(Task prompt): Begin with the first line below and retype each line exactly through the line containing "Peters Professional Allround". Any pictures are to be left out.

··· Records to use

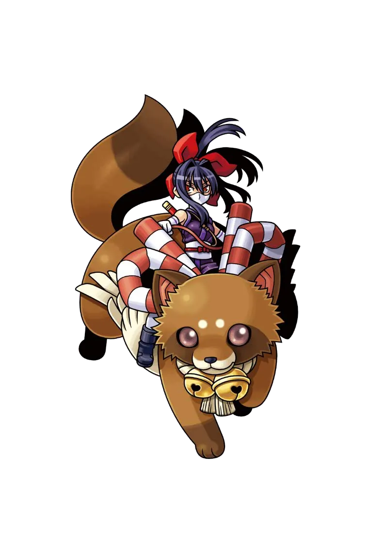 1girl ankle_boots black_boots boots brown_tail elbow_gloves floating_hair gloves hair_between_eyes hair_ribbon harakawa_mitsuhiro high_ponytail holding holding_rope japanese_clothes kimono kirikaze_(shinrabanshou) long_hair mask mouth_mask ninja obi official_art ponytail purple_hair purple_kimono red_eyes red_ribbon ribbon riding riding_animal rope sash sheath shinrabanshou sleeveless sleeveless_kimono tanuki third-party_source transparent_background weapon weapon_on_back white_gloves yuuyami_no_mikazuki
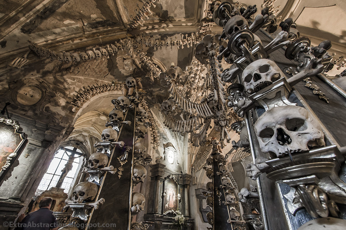 Από το κέντρο του ναού κρέμεται ένας τεράστιος πολυέλαιος οστών με γιρλάντες κρανίων ενώ ακόμα και τα προστατευτικά που πλαισιώνουν το βωμό είναι φτιαγμένα από ανθρώπινα κόκαλα.
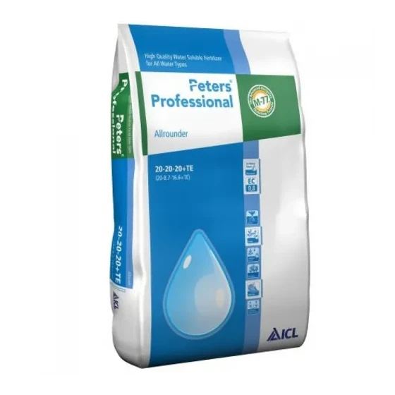 Peters Professional Allround 20-20-20+ME este un îngrășământ hidrosolubil profesional, dezvoltat de ICL Specialty Fertilizers, special conceput pentru fertilizarea completă și echilibrată a plantelor ornamentale, fructiferelor și culturilor în ghiveci sau substrat. Formula NPK 20-20-20 oferă un aport echilibrat de azot, fosfor și potasiu, garantând creștere uniformă, sănătate și performanță ridicată a culturilor.
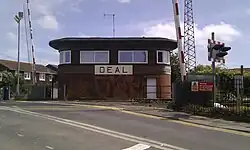 Deal used to have extensive coal yards (bordered by St Patrick's Road), goods yards (now Sainsbury's) and a locomotive shed and turntable (now Bridgeside). The locomotive shed was shut in 1930. Albert Terrace was built in the 1860s for railway employees in a line with Lower Queen Street before the railway was extended to Dover. Hence the London Road flyover was built with a 'kink' around them. The station-master's house received a direct hit during World War 2 (although a garden wall still exists), as did the goods shed.[3][4] The substantial buildings on the 'down' platform were demolished about 1970 and replaced with small CLASP-style buildings.[3] These have since been replaced with a small modern shelter, as shown in the photograph on the right.
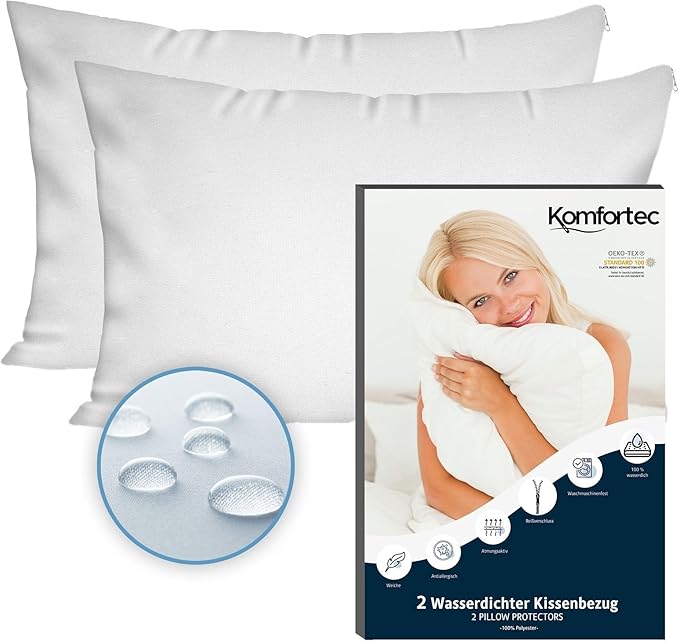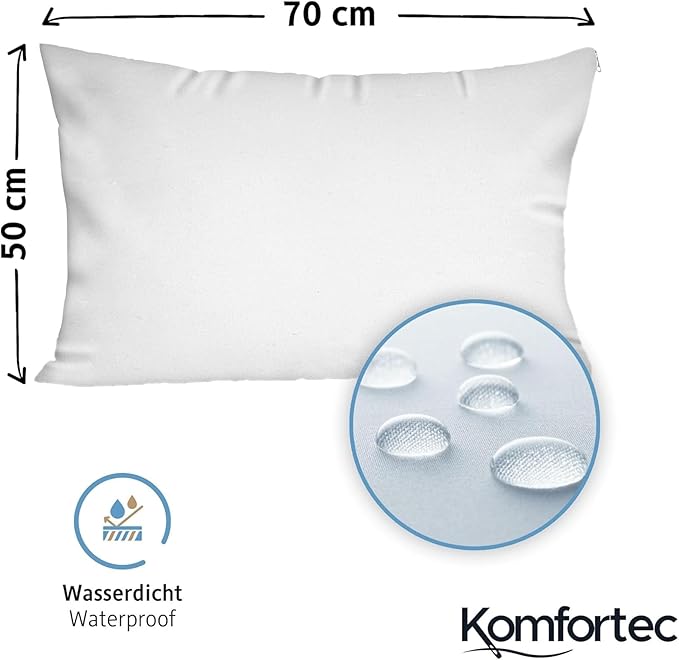 غطاء وسادة Komfortec مقاوم للماء 50 × 70 سم بسحاب، قابل للتنفس، مضاد للعث،
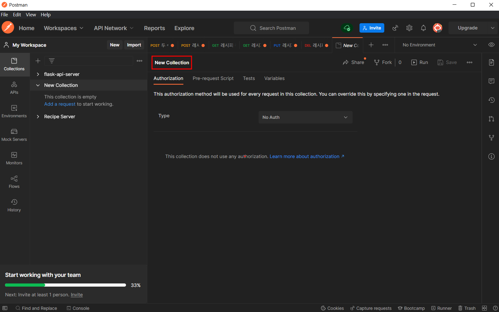 9. Collection 을 클릭해 새로운 Collection을 만들어 준다.

······

(The answer):
 1girl ankle_boots black_boots boots brown_tail elbow_gloves floating_hair gloves hair_between_eyes hair_ribbon harakawa_mitsuhiro high_ponytail holding holding_rope japanese_clothes kimono kirikaze_(shinrabanshou) long_hair mask mouth_mask ninja obi official_art ponytail purple_hair purple_kimono red_eyes red_ribbon ribbon riding riding_animal rope sash sheath shinrabanshou sleeveless sleeveless_kimono tanuki third-party_source transparent_background weapon weapon_on_back white_gloves yuuyami_no_mikazuki
 Από το κέντρο του ναού κρέμεται ένας τεράστιος πολυέλαιος οστών με γιρλάντες κρανίων ενώ ακόμα και τα προστατευτικά που πλαισιώνουν το βωμό είναι φτιαγμένα από ανθρώπινα κόκαλα.
 Peters Professional Allround 20-20-20+ME este un îngrășământ hidrosolubil profesional, dezvoltat de ICL Specialty Fertilizers, special conceput pentru fertilizarea completă și echilibrată a plantelor ornamentale, fructiferelor și culturilor în ghiveci sau substrat. Formula NPK 20-20-20 oferă un aport echilibrat de azot, fosfor și potasiu, garantând creștere uniformă, sănătate și performanță ridicată a culturilor.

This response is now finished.